American baseball player (born 1984)

Clay Pflibson Zavada (born June 28, 1984) is a former professional baseball pitcher who pitched in Major League Baseball for the Arizona Diamondbacks in 2009. He is noted for his Rollie Fingers moustache.

==Early career==
Zavada attended Illinois Valley Community College and then transferred to Southern Illinois University Edwardsville. Playing with the Mobile BayBears in the spring before his debut, Zavada struck out 18 in 17 and 1/3 innings with an ERA of 2.60, limiting batters to a .169 average.

===Arizona Diamondbacks===
Clay Zavada was originally drafted to the Arizona Diamondbacks in the 30th round of 2006 out of Southern Illinois University Edwardsville. Zavada left baseball after the death of his father in the winter following his first pro season. Upon receiving his business degree, he returned to play baseball for the Southern Illinois Miners, an independent team.

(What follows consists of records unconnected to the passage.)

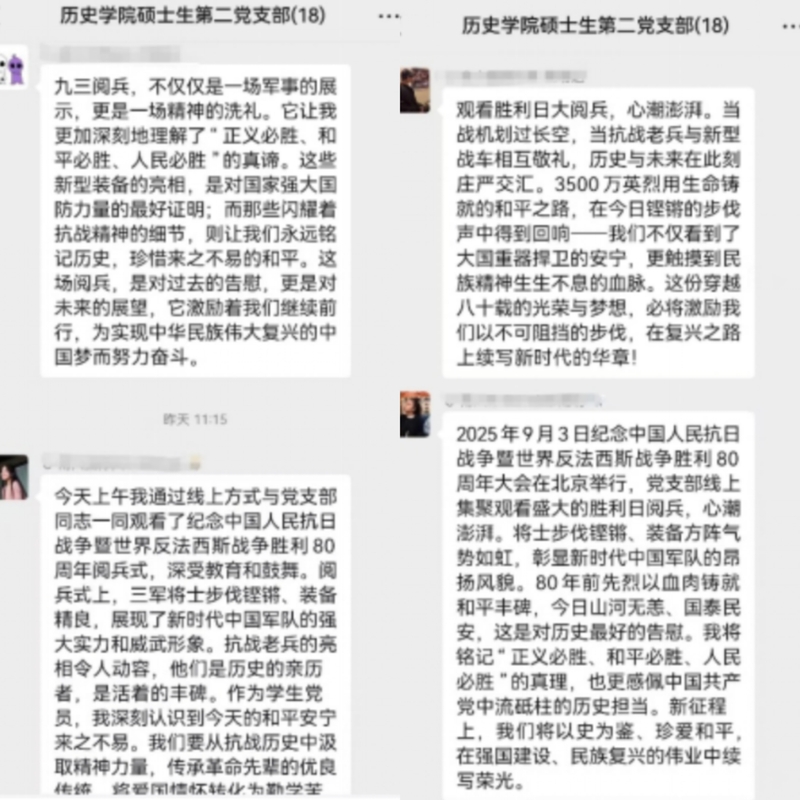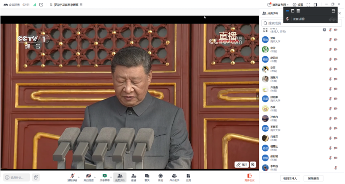 2025年9月3日9时,纪念中国人民抗日战争暨世界反法西斯战争胜利80周年大会隆重举行。av片 硕士生第二党支部全体成员通过腾讯会议的方式线上集体收看直播。在工位、在教室、在宿舍、在图书馆,虽然硕士生第二党支部的同学们或因实习事务、或因学业繁忙而难以齐聚一堂,共享一方物理空间。但在网络的连接中,大家共同沉浸于这一场气势恢宏、意义深远的爱国主义教育盛宴,感受着炽热而深沉的家国情怀。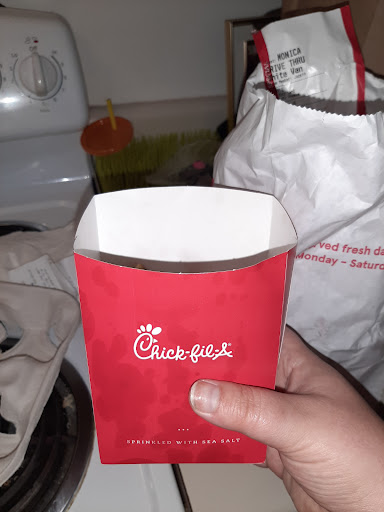 Read moreHadn't visited Chick-fil-A since my childhood and finally decided to go with my colleagues. I bought the spicy chicken sandwich meal with a sweet tea. After I paid, they handed me this ugly plastic cone for my order... When I got my food 5-7 minutes later, it didn't live up to the hype people claim. My sandwich did not have anything, except chicken, two thin pickle slices and the bread... The cashier didn't ask if I wanted anything on it and I assumed it came with everything and you tell them what to omit. He shouldn't have assumed that everyone knows their menu! The chicken meat was kind of dry and didn't seem flavorful. The waffles fries were great, always my favorite. Their employees are friendly, but that doesn't cut it for me. The facility was decently clean, not sparkling, but clean enough to dine-in. It was very full though, on this particular Wednesday around noon. The drive-thru had about 3 full lines operating and the dining room was full.
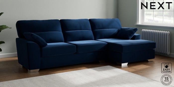 7.3.1 Buy Stamford Highback Large Sofa Chaise - Right Hand Plush Velvet Easy Clean Navy Blue Large Square Angle - Chrome Metal from the Seasons online shop Click here to use our website with more accessibility support, for example screen readers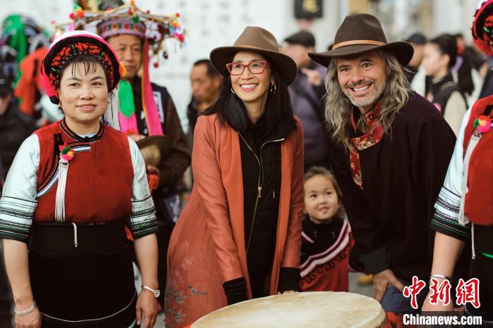 1月30日,林登夫妇(右一、右二)在云南省大理州大理市喜洲镇参加舞龙表演活动。(受访者供图)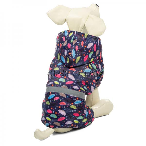 Костюм-дождевик "Зонтики" - это удобный и функциональный аксессуар для собак, который просто незаменим в дождливую погоду. Изделие защитит шерсть животного от дождя и грязи, а непродуваемая ткань - от сильного ветра. Костюм имеет стильный дизайн, а универсальный фасон не стесняет движений питомца во время прогулки. Особенностью дождевика является светоотражающая лента, идущая по талии изделия, - для повышения безопасности животного на дороге. Дождевик также имеет капюшон и фиксируется при помощи трех заклепок на животе, а на штанинах предусмотрены удобные резинки, препятствующие попаданию грязи и влаги снизу. Длина спины: 350мм; обхват груди: 460мм; обхват шеи: 330мм. Цвет: фиолетовый.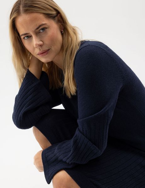 "Elegant knitted dress made from merino wool with textured details and the Woolmark label, sustainably produced in Europe."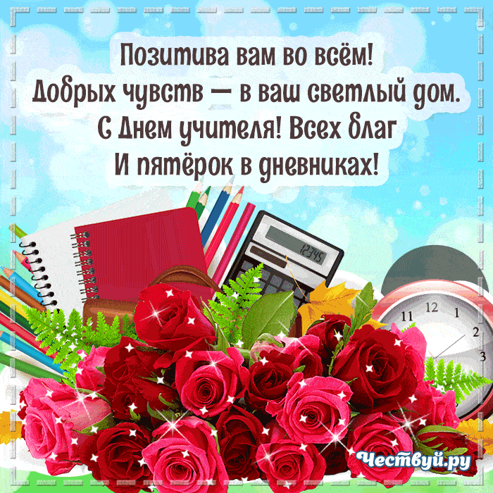 их успехами. Будьте бодрыми и 1. Дорогие учителя! Поздравляю вас с День учителя приходится Учителя 5 Октября самую-самую забавную живую, блестящую, мерцающую гифку с с Днём Учителя, с надписямиавтоматических дозвонов через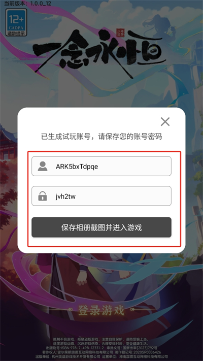 2、进入游戏后由于是预下载玩法,所以会自动生成试玩账号,通过保存相册截图并进入游戏;
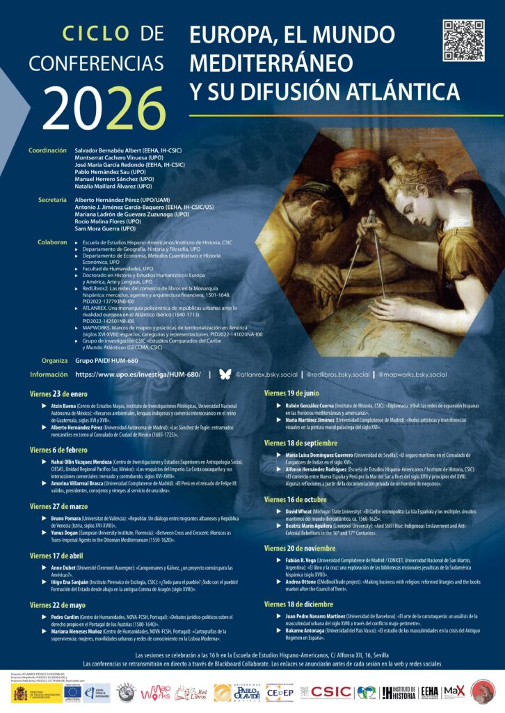 - Alberto Hernández Pérez (Universidad Autónoma de Madrid): «Los Sánchez de Tagle: entramados mercantiles en torno al Consulado de Ciudad de México (1685-1725)».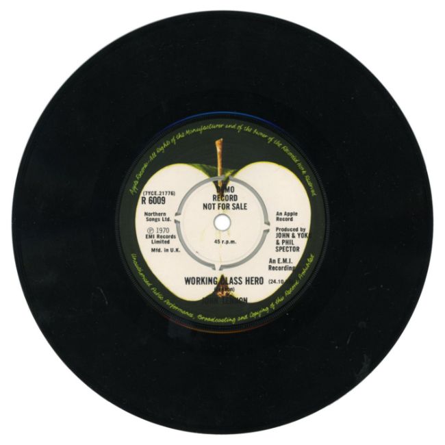 A double sided 7 inch demonstration record for ‘Imagine’ c/w ‘Working Class Hero’ by John Lennon. The record is on the Apple label with the catalogue number R6009. The matrix number on side one is 7YCE 21775-1, 1G stampers. The matrix number on side two is 7YCE 21776-1, 2A stampers. The record was released in the UK on 24th October 1975.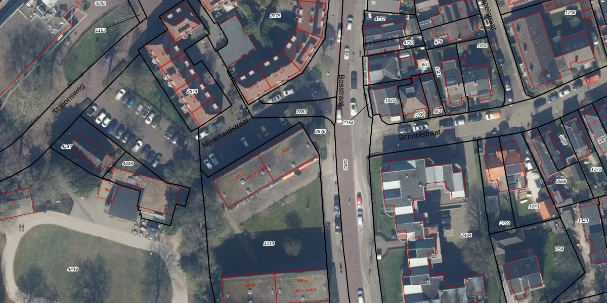 Bosstraat 20-G1 is gelegen op kadastraal perceel BAA01M1214. Deze kadastrale aanduiding is uniek en wordt gebruikt door het Kadaster om eigendomsrechten en andere zakelijke rechten vast te leggen. Het perceel maakt onderdeel uit van de kadastrale gemeente Baarn.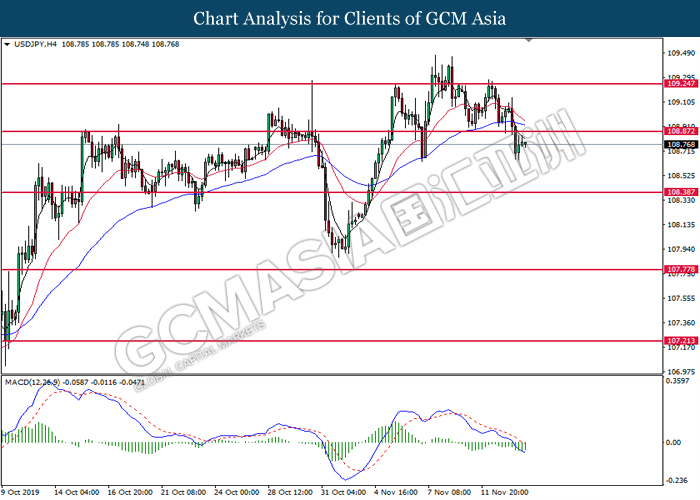USDJPY, H4: USDJPY telah didagang dengan lebih tinggi selepas ia melantun daripada tahap rendah. Namun, MACD yang memaparkan momentum bearish mencadangkan pasangan ini untuk mengalami pembetulan teknikal bagi jangka masa yang pendek.

Zavada was called up to the Diamondbacks for the first time on May 13, but was returned to Double-A baseball Mobile BayBears the next day to make room for debut starter Bryan Augenstein. He was recalled on May 21, and made his Major League debut the next day. In his MLB debut, Clay entered the game in relief of starter Max Scherzer and threw a perfect seventh inning, defeating his rookie opponent Christian Martinez, who was also making his major league debut for the Florida Marlins.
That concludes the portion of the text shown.